• Given material
:::

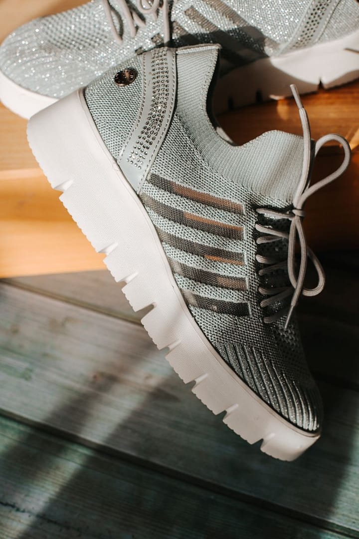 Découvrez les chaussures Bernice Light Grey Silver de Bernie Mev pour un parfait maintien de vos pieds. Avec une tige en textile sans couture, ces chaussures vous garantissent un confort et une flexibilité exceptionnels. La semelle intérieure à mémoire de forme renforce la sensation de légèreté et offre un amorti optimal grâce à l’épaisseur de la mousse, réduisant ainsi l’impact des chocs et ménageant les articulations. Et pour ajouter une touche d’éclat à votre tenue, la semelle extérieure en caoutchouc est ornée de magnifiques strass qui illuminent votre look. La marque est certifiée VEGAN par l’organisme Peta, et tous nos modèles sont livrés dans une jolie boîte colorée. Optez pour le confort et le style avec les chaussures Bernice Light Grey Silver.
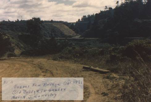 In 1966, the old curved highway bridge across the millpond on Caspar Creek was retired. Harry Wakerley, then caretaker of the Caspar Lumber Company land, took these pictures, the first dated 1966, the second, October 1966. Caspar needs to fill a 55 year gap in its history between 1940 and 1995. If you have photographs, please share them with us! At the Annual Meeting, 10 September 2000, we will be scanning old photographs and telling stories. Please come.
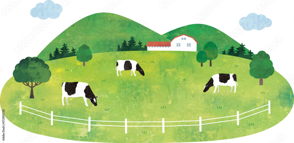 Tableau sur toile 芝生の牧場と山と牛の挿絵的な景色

:::

• What is being asked
Set down the data above word for word, leaving every picture out.

• Response to the exercise
 Découvrez les chaussures Bernice Light Grey Silver de Bernie Mev pour un parfait maintien de vos pieds. Avec une tige en textile sans couture, ces chaussures vous garantissent un confort et une flexibilité exceptionnels. La semelle intérieure à mémoire de forme renforce la sensation de légèreté et offre un amorti optimal grâce à l’épaisseur de la mousse, réduisant ainsi l’impact des chocs et ménageant les articulations. Et pour ajouter une touche d’éclat à votre tenue, la semelle extérieure en caoutchouc est ornée de magnifiques strass qui illuminent votre look. La marque est certifiée VEGAN par l’organisme Peta, et tous nos modèles sont livrés dans une jolie boîte colorée. Optez pour le confort et le style avec les chaussures Bernice Light Grey Silver.
 In 1966, the old curved highway bridge across the millpond on Caspar Creek was retired. Harry Wakerley, then caretaker of the Caspar Lumber Company land, took these pictures, the first dated 1966, the second, October 1966. Caspar needs to fill a 55 year gap in its history between 1940 and 1995. If you have photographs, please share them with us! At the Annual Meeting, 10 September 2000, we will be scanning old photographs and telling stories. Please come.
 Tableau sur toile 芝生の牧場と山と牛の挿絵的な景色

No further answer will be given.